### Dataset content
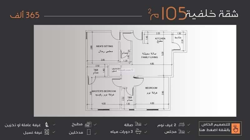 ✳️✳️ ثلاث غرفة مساحة 109 ✳️✳️
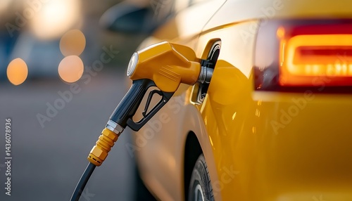 Yellow car refueling at dusk, nozzle inserted into fuel port
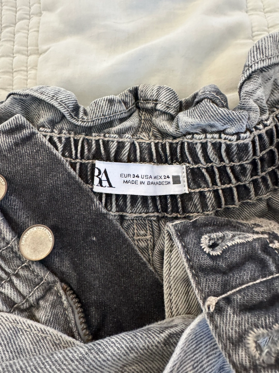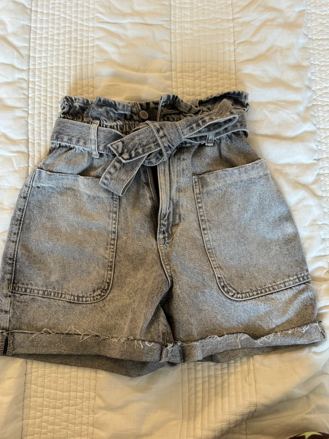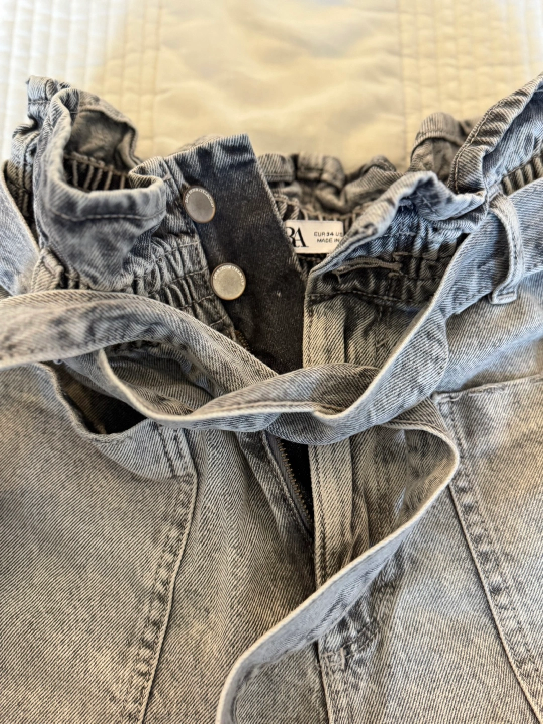 These are a pair of Zara denim shorts with a paperbag waist and belt. They are a size 34.
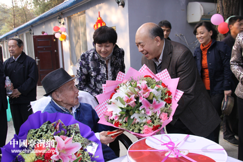 中国台湾网11月2日贵阳消息  10月31日下午,贵阳墨石山庄养老院张灯结彩,摆起丰盛的长桌宴,为居住在养老院的台胞杨占鳌先生庆贺百岁寿辰。贵州省台办联络处处长成高荣,贵阳市委统战部副部长、市台办主任李静,副主任刘筑琪,白云区副区长李芸及区台办、民政局、都拉乡等当地相关部门负责人均前往祝贺。

### Requirement
Every line of the material is to be quoted exactly, with no pictures carried over.

### Answer section
 ✳️✳️ ثلاث غرفة مساحة 109 ✳️✳️
 Yellow car refueling at dusk, nozzle inserted into fuel port
 These are a pair of Zara denim shorts with a paperbag waist and belt. They are a size 34.
 中国台湾网11月2日贵阳消息  10月31日下午,贵阳墨石山庄养老院张灯结彩,摆起丰盛的长桌宴,为居住在养老院的台胞杨占鳌先生庆贺百岁寿辰。贵州省台办联络处处长成高荣,贵阳市委统战部副部长、市台办主任李静,副主任刘筑琪,白云区副区长李芸及区台办、民政局、都拉乡等当地相关部门负责人均前往祝贺。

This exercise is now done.